I have always known my father-in-law was exceptional! For twenty-two years I have witnessed his ideas take shape with a genius only time, trials, and wisdom can perfect. Life’s experience is that clay that we shape, chisel, and mold continually. In this deeply personal and honest writing you can see that Jack’s mold was complex but it has created something of the utmost beauty for us all. Enjoy this writing and take away what you need to continue to shape your mold. I know I certainly will.
I hope the exposé to follow will be helpful to those out there who have struggled with unreasonable fear that diminishes joy and quality of life. I hope you will find comfort and strength from some of my struggles so that you might better deal with your demons.
What you think about me is none of my business…
My first encounter with sheer terror took place when I was about 8 years-old. The year 1943 my family was in the town of Garden City, New York, during World War II. As gas was rationed, long trips (meaning 25 miles or more) were out of the question. My dad came home one day after work and announced that he and a friend from his work place– Sperry Gyroscope Co.– had learned of an old abandoned gravel quarry that had closed because of a high water table. A good sized pond had formed that was at least 20 feet deep and perhaps a quarter mile wide. Our soon-to-be swimming hole for the duration of the war was but about 5 or 6 miles from our home. I was a pretty good swimmer and always looked forward to our summer outings there.
One particular summer evening I swam out toward the middle of the lake and was in the process of turning back toward the shore when this overwhelming feeling that something was grabbing my ankles and was going to pull me under the water overcame me. I began to scream uncontrollably. My father immediately dove into the water and came to my rescue. As he approached me the fright that had engulfed me subsided as quickly as it came on, leaving me embarrassed and ashamed.

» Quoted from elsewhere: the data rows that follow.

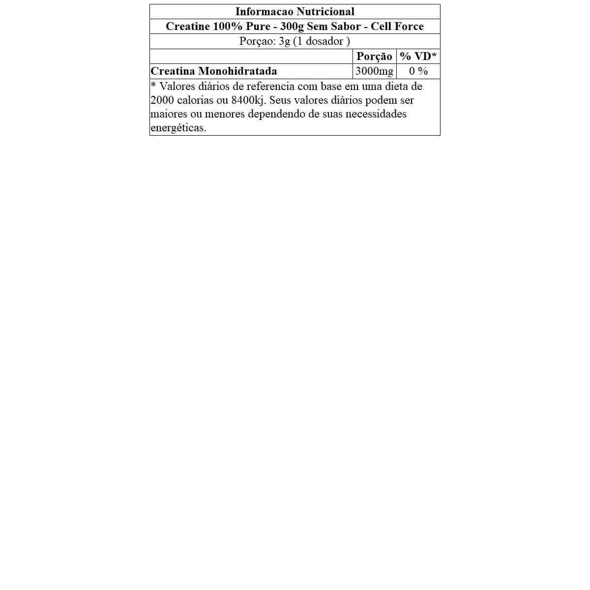 Creatine 100% Pure - 300G sem Sabor - Cell Force
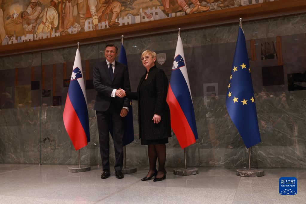 12月22日,在斯洛文尼亞首都盧布爾雅那舉行的總統就職儀式上,娜塔莎·皮爾茨·穆薩爾(右)與博魯特·帕霍爾握手。
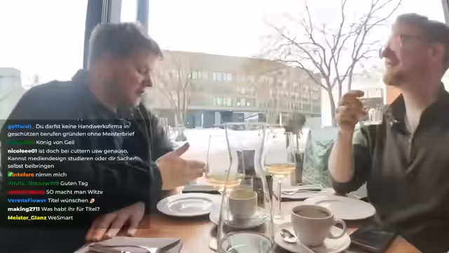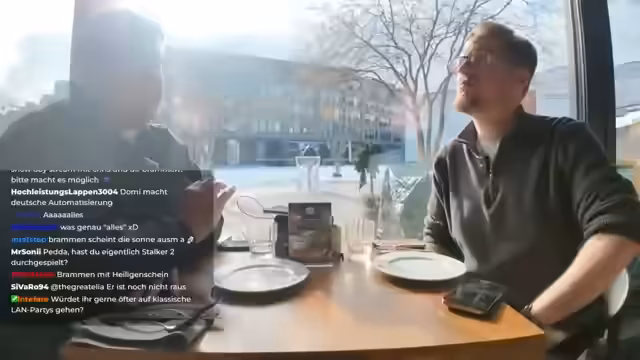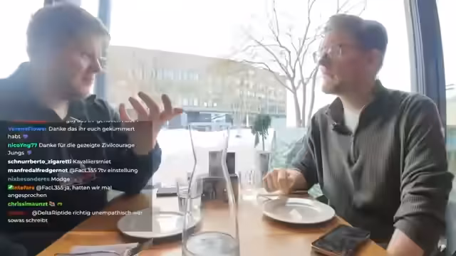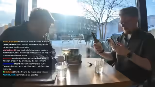 00:01:41Der Stream beginnt mit einer Entschuldigung für die Verspätung, die durch einige unerwartete Ereignisse verursacht wurde. Bram und Dennis mussten einen Krankenwagen rufen und es waren etwa zehn Polizisten vor Ort. Sie beschließen, die Geschichte später zu erzählen, da sie hungrig sind und erst etwas bestellen möchten. Während sie die Getränkekarte studieren, erwähnen sie einen aktuellen TikTok-Trend mit einem alten Lied von Helene Fischer und Florian Silbereisen, das sie eventuell im Stream aufnehmen wollen. Das Restaurant, in dem sie sich befinden, namens Frühstück 3000, bietet neben Frühstück auch Cocktails wie Pornstar Martini und Bloody Mary an, sogar schon ab neun Uhr morgens. Es wird erwähnt, dass die Location vom Freitag bis Sonntag durchgehend geöffnet ist und neben Frühstück auch warme Speisen anbietet. Die beiden überlegen, ob sie Champagner bestellen sollen, verwerfen die Idee jedoch aufgrund des Preises von 400 Euro für eine Flasche. Die anfängliche Verwirrung über den Sound wird diskutiert und behoben, wobei die Mikrofone nun näher an den Sprechern sind als an den Umgebungsgeräuschen, obwohl die Geräuschkulisse des Cafés weiterhin präsent ist.
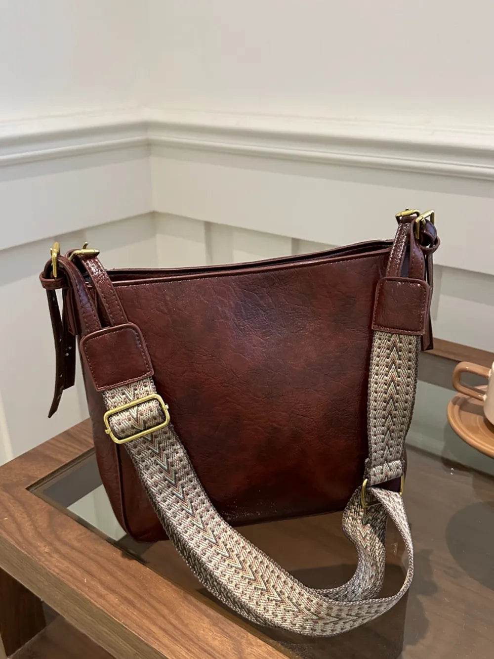 PU Leather Adjustable Strap Crossbody Bag with Pouch
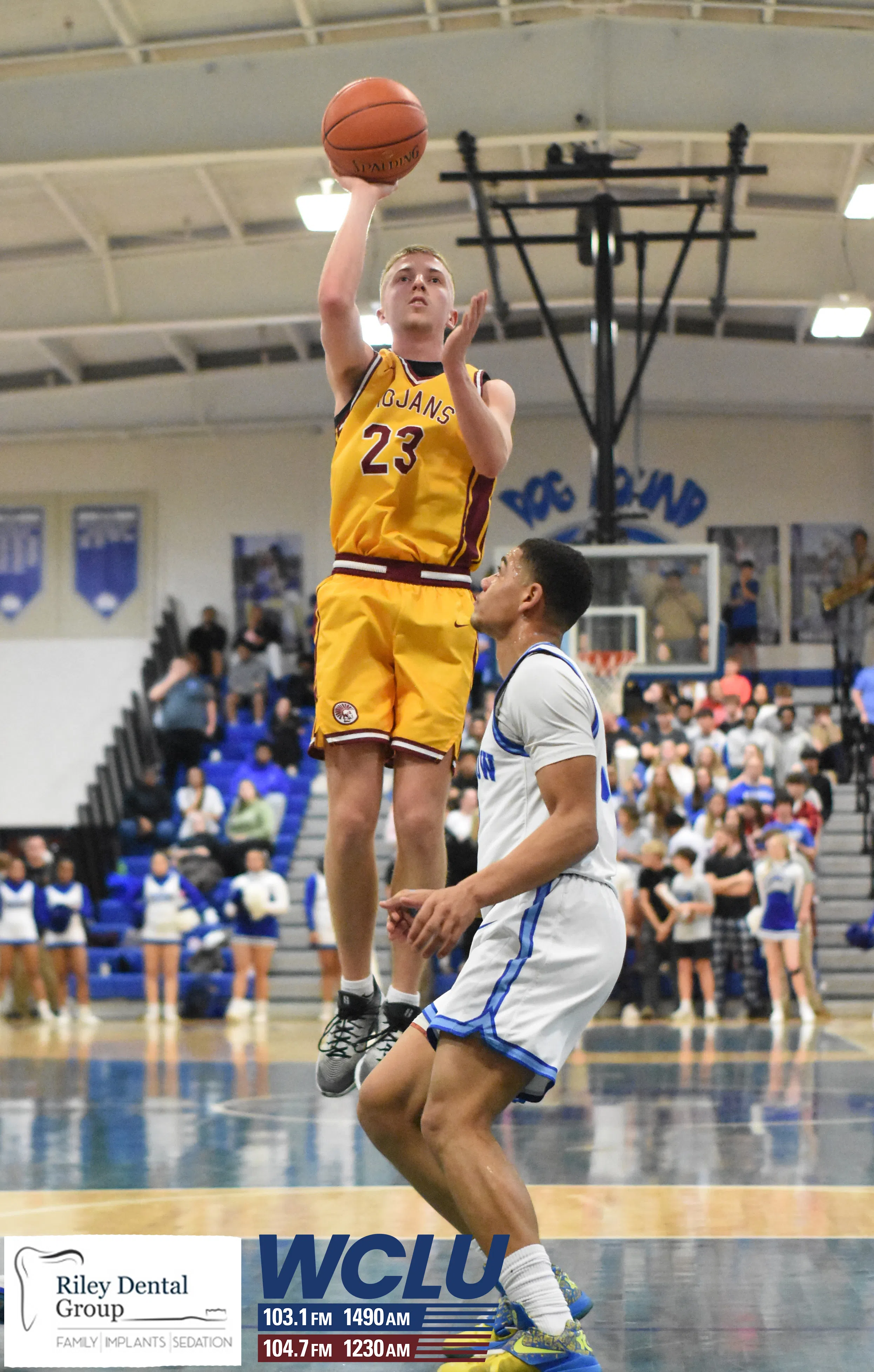 Barren County’s Weston Shelton shoots in front of Glasgow’s Landon Minton in the Boys 15th District Tournament championship. The Scotties beat the Trojans, 75-67, in double overtime. James Brown/WCLU Sports

The next time I was overtaken with unreasonable fear was that same summer. My sister and I decided that it would be fun to gather some rocks and throw them from the roof into a puddle that was left over from a thunder storm the night before. My sister was sitting on the roof above me. As I stood up to throw a rock my sister had just released her rock which struck me in the back of the head. In an instant blood was gushing from the wound. I asked, “Am I going to die?” Her reply of, “I don’t think so,” was of little comfort. It wasn’t until my mother washed off all the blood, assured me that I was not going to die that a feeling of relief came over me. In the end, I was left with another questioning thought: Am I a coward?
It was several months until a new paranoia took center stage; this one only happened when it was time to go to bed and I was alone. I realized there must be something under my bed that was going to grab my legs. So for the next several years I would run from maybe a three feet distance to jump into bed. This had to be kept a secret because my father was so brave that I knew he would be disappointed.
I felt like now I needed to sustain some injuries that could show myself and my peers that I was not a coward. Broken bones would be the answer. So in my teenage years I managed to break my arms three times by skiing, falling out of a tree, and falling off a horse.
It was in my teenage years that being popular in high school became very important to me. One of my self-imposed conditions for being cool was to get poor grades, but at a subconscious level I knew I was pretty smart. I slid through high school with a bunch of C’s and some B’s (enough to get me into Cal Poly college).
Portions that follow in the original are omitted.